Integration of 2TM variants. Full-length 2INV_L64K2 (A) and 2DUP_L64K2 (B) were translated in the presence of ER microsomes, SRP, and [³⁵S]Met, then analyzed by SDS-PAGE. The insolubility in pH 11.5 carbonate shows that the proteins are integrated. The sensitivity of higher-mass bands to EndoH shows that the C-terminal domain was glycosylated and hence in the lumen.

Figure 6.

Cotranslational PMP integration.
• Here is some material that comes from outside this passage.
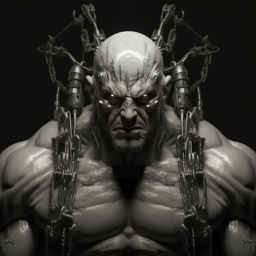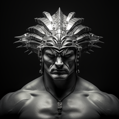 bodybuilder muscles, metal pipe head dress, metal pipe headdress, soft lighting, geiger, a bald man, realistic, a huge muscled man, rage, anger, muscly, black and white, man, muscles, armor, geiger, realistic

After RNC targeting to a translocon, a nascent signal-cleaved PMP in the aqueous ribosomal tunnel and translocon pore is sealed off from the cytosol by an ion-tight junction between the ribosome and translocon/membrane (i). The synthesis and entry of TMS1 into the tunnel triggers BiP-mediated closure of the lumenal end of the pore and the opening of the RTC junction (ii), thereby making the nascent chain inside the tunnel accessible to cytosolic but not lumenal I⁻. The entry of TMS2 into the ribosome tunnel reverses the RTC conformational and/or compositional changes elicited by TMS1. Hence, the tight RTC junction is reestablished and the lumenal end of the pore is opened (iii), thereby exposing the nascent chain inside the tunnel to lumenal but not cytosolic I⁻. The appearance of TMS3 in the tunnel reverses the changes elicited by TMS2, and the nascent chain in the tunnel becomes accessible to cytosolic but not lumenal I⁻ (iv). The lumenal loop sequence following TMS2 is shown in black, whereas the cytosolic loop sequences following TMS1 and TMS3 are shown in red for the full-length PMP (v).